О, доктор Зендриков, знаменитый доктор Зендриков – восходящее светило отечественной реаниматологии, нейрохирургии и неврологии, вместе взятых. Герой виртуальных баталий местного разлива и виртуальных побед российского здравоохранения. Доктор Зендриков был воспитанником нашего академика, его научным ставленником и наместником у нас в реанимации. Ставя безумные эксперименты на наших больных, ради печати псевдоисследований в журналах, он позиционировал себя лидером отечественной реанимации. Зендриков Петр Петрович, впитавший в себя массу литературных источников, умело жонглировал полученными знаниями, обязательно подтверждая каждый свой тезиз ссылкой на источник, чем не мог не вызывать доверия у основной массы окружающих его коллег, но не знающих его в повседневной рутинной практике.
С лохматой шевелюрой и косичкой сзади, а иногда и дредами, с браслетиками на запястьях и голенях, с серьгой в мочке правого уха – так он выглядел в повседневной жизни. Небольшого росточка, но с выраженным животом, он тем не менее был очень подвижен и шустр.
– Как сперматозоид, – смеялись врачи нашего отделения реанимации.
В состав научной «зондеркоманды» входили подобные ему по духу, которых никогда не волновала судьба пациентов.
Жабоподобной внешности Валерия Степановна, с мерзким характером и вследствиие этого – крайней неуживчивостью в любом коллективе, маниакально и безжалостно выполняющая задания своего бога Зендрикова.
Еще один воспитанник его, Степан Николаевич Петрушин, ни часу не проработавший практическим врачом, а сразу же ушедший в научный мир. Он также продал свои душу и совесть дьяволу ради успешной защиты кандидатской и докторской диссертаций в кратчайшие сроки. Он был под метр девяносто, но, несмотря на молодой возраст, уже обрюзгший, сутулый и седой. Малейшие трудности мгновенно заставляли его голос дрожать, а лицо – покрываться яркими красными пятнами. Порой казалось, что он вот-вот заплачет или сорвется в истерический визг.

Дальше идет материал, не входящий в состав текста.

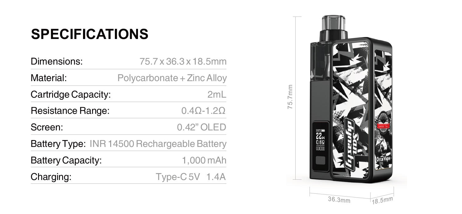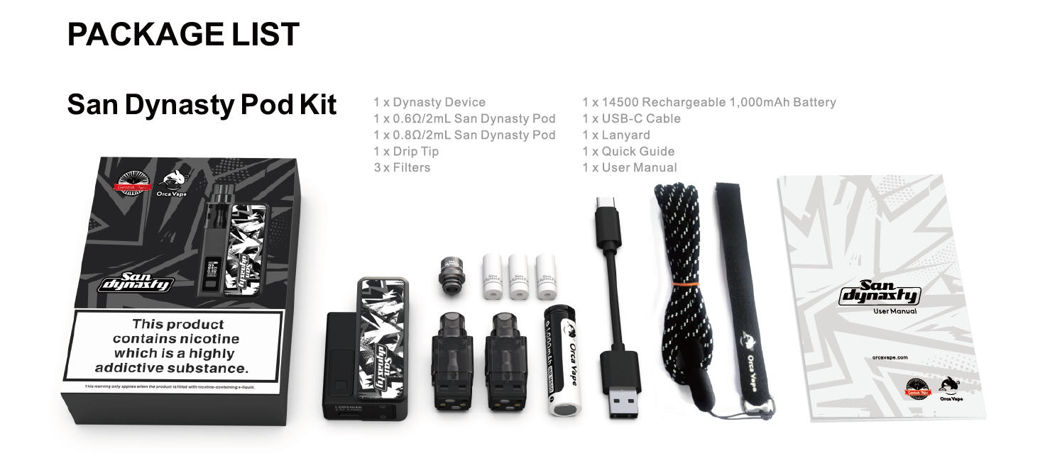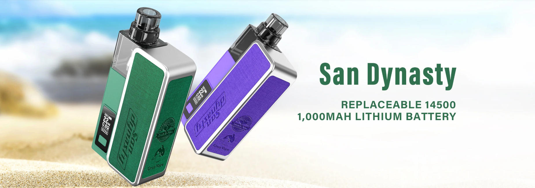 Orca Vape X Gerobak 的 San Dynasty Pod Kit 套装采用可充电、可拆卸的 14500 电池,提供 1000mAh 的可靠电量,带来精湛的蒸汽体验。套装配备可调节的进气控制,用户可定制抽吸体验,获得顺滑的口吸体验或更强劲的口感。它非常适合 50/50尼古丁盐烟油,带来快速的尼古丁满足感和浓郁的口感。
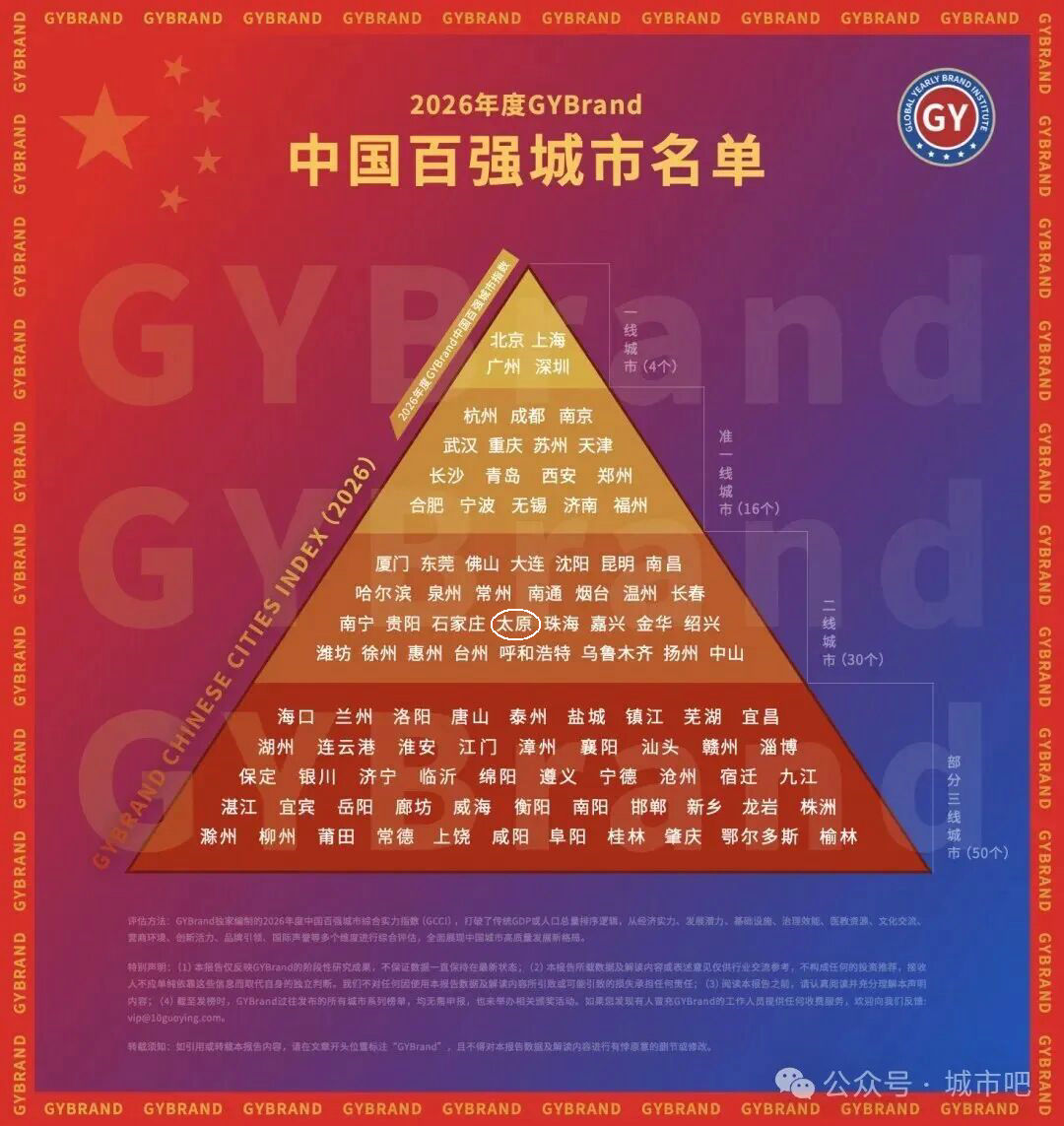 3月5日,GYBrand全球品牌研究院發(fā)布2026年度中國(guó)百?gòu)?qiáng)城市指數(shù)榜單,太原市位于第38位,相比上年位次提升兩位,仍處于二線城市梯隊(duì)。

Петрушин заходил к пациентам ненадолго и всегда с брезгливостью на лице.
Я поражался его рабочим распорядком. Приходя на работу к семи часам утра и сопровождая нас на утренних обходах руководителя клиники, он затем запирался в своем кабинетеке без окон и мог просидеть там весь рабочий день. Изредка он заходил в палаты, чтобы снять показания с датчиков и в крайнем случае произвести какие-либо замеры. Но обычно эту черную работу он поручал кому-либо из моих врачей, прикрываясь якобы приказом академика. К пациентам он подходил с чувством нескрываемой брезгливости и всегда максимально быстро пытался выскочить из реанимационного зала.
Степа был как бы заряженным контрольной пулей пистолетом у моего виска, пистолетом, который держал академик. Когда мои противоречия с ним на обходах или утренних конференциях заходили в тупик, он говорил: «Фас!» этому туповатому дылдастому ученому по имени Степан Николаевич. Тот же в угоду академику начинал высказывать прописные истины, указывающие, по его мнению, на мою некомпетентность и подтверждающие правоту академика. При этом было видно, как ему было невероятно страшно и как он опасался моего отмщения…
Я думаю, времени практически не осталось. Надо принимать правильное решение.